» **What needs to be done**:
For the entries below, print exactly the lines between the line holding "Durch umfangreiche Aus- und" and the line holding "The Influence of", inclusive, and nothing else.

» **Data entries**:
_ _ _ _ _

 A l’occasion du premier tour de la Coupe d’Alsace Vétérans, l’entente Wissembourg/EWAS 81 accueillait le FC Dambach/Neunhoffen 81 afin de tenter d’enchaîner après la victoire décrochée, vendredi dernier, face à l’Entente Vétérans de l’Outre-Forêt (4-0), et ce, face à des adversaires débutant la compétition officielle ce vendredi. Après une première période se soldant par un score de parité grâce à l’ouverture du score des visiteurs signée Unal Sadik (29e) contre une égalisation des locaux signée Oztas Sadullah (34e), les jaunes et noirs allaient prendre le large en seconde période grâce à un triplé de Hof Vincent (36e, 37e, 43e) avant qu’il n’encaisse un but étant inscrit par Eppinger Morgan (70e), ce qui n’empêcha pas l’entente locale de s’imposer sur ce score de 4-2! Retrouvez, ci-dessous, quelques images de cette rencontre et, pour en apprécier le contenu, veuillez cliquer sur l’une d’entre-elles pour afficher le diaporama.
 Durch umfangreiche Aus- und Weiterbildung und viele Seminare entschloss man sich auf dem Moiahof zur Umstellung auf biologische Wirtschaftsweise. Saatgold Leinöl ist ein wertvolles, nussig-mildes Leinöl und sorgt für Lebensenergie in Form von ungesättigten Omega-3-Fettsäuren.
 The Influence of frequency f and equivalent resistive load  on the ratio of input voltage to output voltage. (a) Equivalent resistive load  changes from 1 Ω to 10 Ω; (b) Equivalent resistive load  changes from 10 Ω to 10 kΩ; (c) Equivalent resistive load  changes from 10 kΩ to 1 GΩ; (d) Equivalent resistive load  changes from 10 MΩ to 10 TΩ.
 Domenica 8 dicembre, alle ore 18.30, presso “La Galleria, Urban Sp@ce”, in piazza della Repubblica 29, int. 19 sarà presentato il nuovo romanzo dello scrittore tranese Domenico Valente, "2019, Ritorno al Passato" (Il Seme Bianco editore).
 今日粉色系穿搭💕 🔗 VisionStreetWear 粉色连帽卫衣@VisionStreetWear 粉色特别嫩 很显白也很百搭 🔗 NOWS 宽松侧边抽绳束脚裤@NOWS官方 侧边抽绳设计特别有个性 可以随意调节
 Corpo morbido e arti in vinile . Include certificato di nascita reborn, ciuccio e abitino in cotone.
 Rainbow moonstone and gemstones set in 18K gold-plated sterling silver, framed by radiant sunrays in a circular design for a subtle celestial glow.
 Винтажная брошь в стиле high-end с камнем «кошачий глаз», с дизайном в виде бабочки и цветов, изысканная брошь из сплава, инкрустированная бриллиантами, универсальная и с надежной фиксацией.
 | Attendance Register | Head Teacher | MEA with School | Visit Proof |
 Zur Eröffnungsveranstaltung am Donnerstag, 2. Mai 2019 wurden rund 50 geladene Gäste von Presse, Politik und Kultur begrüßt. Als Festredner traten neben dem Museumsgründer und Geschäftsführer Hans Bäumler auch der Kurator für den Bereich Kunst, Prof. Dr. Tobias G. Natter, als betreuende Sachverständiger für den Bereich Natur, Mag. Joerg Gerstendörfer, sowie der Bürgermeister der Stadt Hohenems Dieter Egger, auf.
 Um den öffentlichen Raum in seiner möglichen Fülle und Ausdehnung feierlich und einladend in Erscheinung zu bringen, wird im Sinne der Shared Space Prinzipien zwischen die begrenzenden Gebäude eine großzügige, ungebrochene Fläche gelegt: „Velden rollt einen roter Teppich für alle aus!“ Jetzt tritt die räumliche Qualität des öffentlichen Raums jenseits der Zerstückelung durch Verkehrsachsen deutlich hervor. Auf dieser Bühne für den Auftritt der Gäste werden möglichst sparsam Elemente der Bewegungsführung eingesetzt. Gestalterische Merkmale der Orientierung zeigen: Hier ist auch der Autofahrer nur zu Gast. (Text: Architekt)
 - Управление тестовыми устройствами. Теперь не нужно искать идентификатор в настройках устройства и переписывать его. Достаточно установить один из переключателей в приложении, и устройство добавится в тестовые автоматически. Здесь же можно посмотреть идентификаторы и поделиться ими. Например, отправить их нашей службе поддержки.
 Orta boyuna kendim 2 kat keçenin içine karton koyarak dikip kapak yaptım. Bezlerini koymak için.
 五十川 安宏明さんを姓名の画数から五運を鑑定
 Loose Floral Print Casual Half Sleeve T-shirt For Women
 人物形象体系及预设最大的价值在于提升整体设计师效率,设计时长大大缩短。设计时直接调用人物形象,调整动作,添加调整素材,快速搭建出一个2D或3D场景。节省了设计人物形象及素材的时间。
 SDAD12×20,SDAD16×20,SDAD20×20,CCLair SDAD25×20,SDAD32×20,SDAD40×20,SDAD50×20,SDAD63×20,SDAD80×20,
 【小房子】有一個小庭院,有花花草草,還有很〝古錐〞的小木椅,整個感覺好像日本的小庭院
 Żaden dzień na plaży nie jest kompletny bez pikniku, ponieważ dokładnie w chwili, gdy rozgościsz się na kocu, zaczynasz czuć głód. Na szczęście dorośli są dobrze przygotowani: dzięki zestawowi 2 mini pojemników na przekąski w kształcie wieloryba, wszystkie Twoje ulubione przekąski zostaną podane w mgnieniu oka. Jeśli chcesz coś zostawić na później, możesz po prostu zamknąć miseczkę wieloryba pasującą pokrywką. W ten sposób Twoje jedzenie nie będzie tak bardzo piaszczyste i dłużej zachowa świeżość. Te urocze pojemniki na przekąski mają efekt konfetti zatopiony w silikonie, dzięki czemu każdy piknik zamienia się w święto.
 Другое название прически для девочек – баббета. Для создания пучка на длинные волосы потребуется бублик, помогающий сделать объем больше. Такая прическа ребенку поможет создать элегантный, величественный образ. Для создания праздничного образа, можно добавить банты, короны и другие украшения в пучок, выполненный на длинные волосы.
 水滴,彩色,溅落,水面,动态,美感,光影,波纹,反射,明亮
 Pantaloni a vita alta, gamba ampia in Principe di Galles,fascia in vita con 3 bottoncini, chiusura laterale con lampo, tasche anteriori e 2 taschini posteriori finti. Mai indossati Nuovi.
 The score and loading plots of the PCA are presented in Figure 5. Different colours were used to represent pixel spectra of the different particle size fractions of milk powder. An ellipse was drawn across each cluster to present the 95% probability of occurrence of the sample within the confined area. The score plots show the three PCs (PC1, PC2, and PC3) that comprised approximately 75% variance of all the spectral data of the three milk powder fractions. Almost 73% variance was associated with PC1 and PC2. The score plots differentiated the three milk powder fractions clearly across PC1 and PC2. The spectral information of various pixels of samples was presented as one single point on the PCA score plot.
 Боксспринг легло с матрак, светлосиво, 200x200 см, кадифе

_ _ _ _ _

» **Response area**:
 Durch umfangreiche Aus- und Weiterbildung und viele Seminare entschloss man sich auf dem Moiahof zur Umstellung auf biologische Wirtschaftsweise. Saatgold Leinöl ist ein wertvolles, nussig-mildes Leinöl und sorgt für Lebensenergie in Form von ungesättigten Omega-3-Fettsäuren.
 The Influence of frequency f and equivalent resistive load  on the ratio of input voltage to output voltage. (a) Equivalent resistive load  changes from 1 Ω to 10 Ω; (b) Equivalent resistive load  changes from 10 Ω to 10 kΩ; (c) Equivalent resistive load  changes from 10 kΩ to 1 GΩ; (d) Equivalent resistive load  changes from 10 MΩ to 10 TΩ.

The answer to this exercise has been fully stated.